PureTech Health notes that its Founded Entity, Seaport Therapeutics, announced topline data from portions of its ongoing Phase 1 proof-of-concept clinical trial evaluating GlyphAgo. GlyphAgo is a novel, Glyphed oral prodrug of agomelatine in development for generalized anxiety disorder and the second clinical-stage candidate from Seaport's pipeline. Based on the data, Seaport announced plans to advance GlyphAgo into two parallel trials, a Phase 2a proof-of-pharmacology trial to evaluate the potential sleep benefit of GlyphAgo in patients with GAD and a Phase 2b randomized placebo-controlled trial in GAD that is designed to be registration-enabling. The GlyphAgo program and the underlying Glyph platform were initially advanced at PureTech, applying the Company's strategy of identifying clinically validated pharmacology and overcoming key limitations through targeted innovation. The Glyph platform and related programs are now being advanced by PureTech's Founded Entity, Seaport Therapeutics.

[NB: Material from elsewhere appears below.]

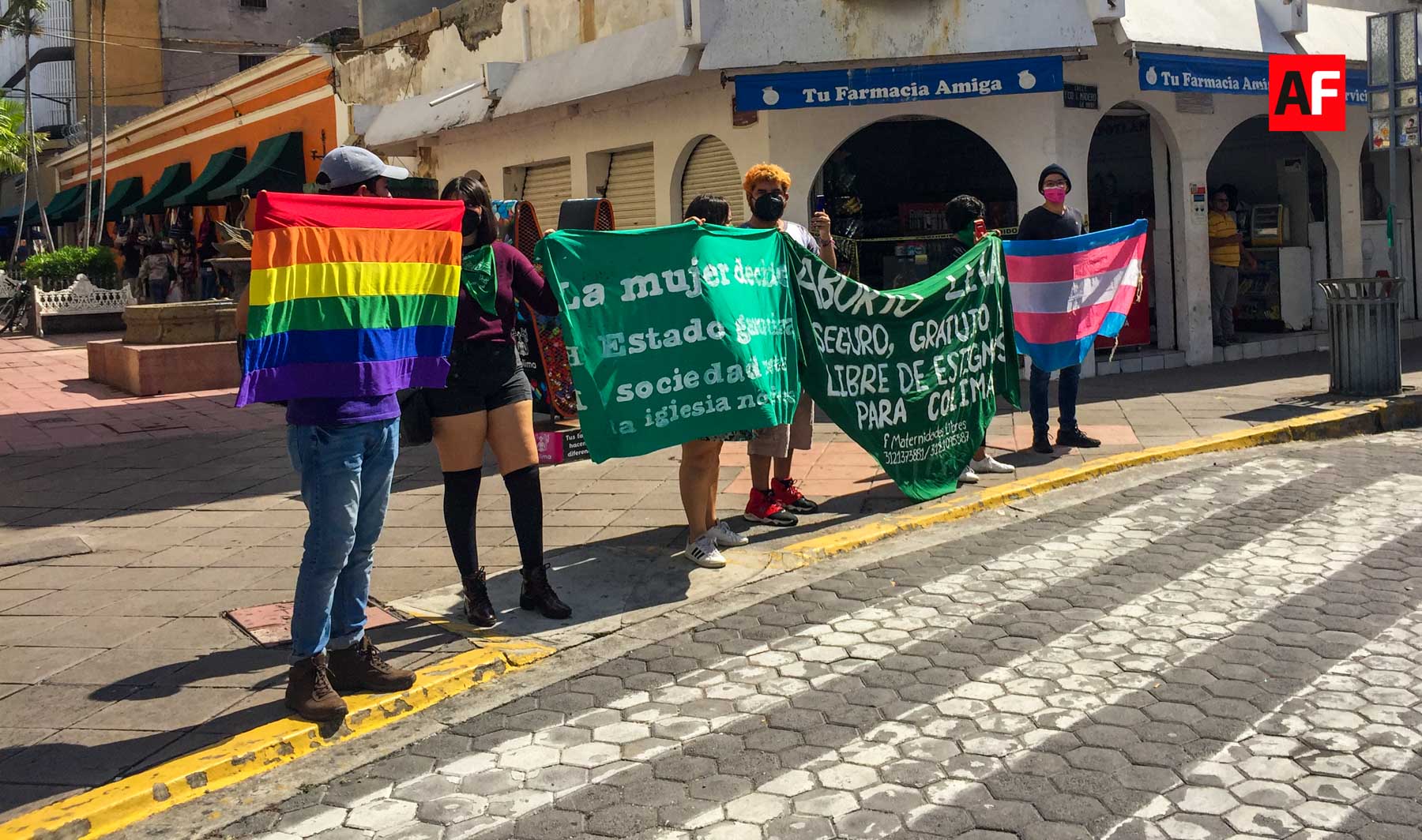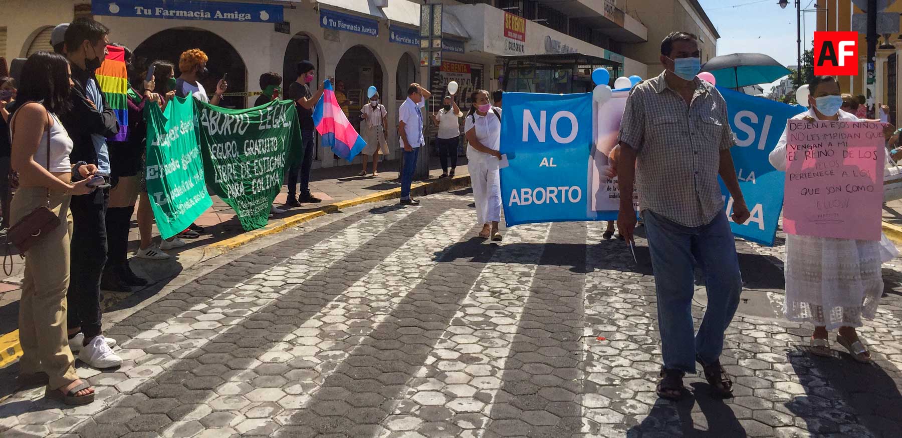 Un minúsculo grupo de defensores de la interrupción del embarazo los esperaron frente a la Catedral de Colima, y en varias ocasiones tuvieron que moverse de un lado a otro, ya que los defensores de la vida se ponían delante de ellos.

PureTech Health announced that the U.S. Food and Drug Administration and European Commission have granted Orphan Drug Designation to deupirfenidone for the treatment of idiopathic pulmonary fibrosis, a rare, progressive, and fatal lung disease. Deupirfenidone is being advanced by Celea Therapeutics, a Founded Entity established by PureTech to lead its late-stage development and potential commercialization. Results from the global Phase 2b randomized, double-blind, active- and placebo-controlled, dose-ranging ELEVATE IPF trial underscored the differentiated profile of deupirfenidone. In that trial, participants treated with deupirfenidone 825 mg three times a day experienced a slower rate of lung function decline, as measured by change from baseline of Forced Vital Capacity, at 26 weeks versus those who were treated with the FDA-approved dose of pirfenidone 801 mg TID or placebo, with a 91 mL difference between deupirfenidone 825 mg and placebo at 26 weeks. Following the completion of the blinded portion of the trial, 90% of trial completers enrolled in the open-label extension. Those who continued treatment with deupirfenidone 825 mg TID maintained a robust treatment effect and experienced an overall FVC decline of -32.8 mL over a 52-week period,1 which is similar to the expected natural decline in lung function in healthy older adults over that time.

PureTech Health announces that the board of directors has appointed Robert Lyne as CEO, and as a member of the board of directors, effective immediately. Lyne has served as interim CEO since July and joined PureTech in January 2024 as chief portfolio officer.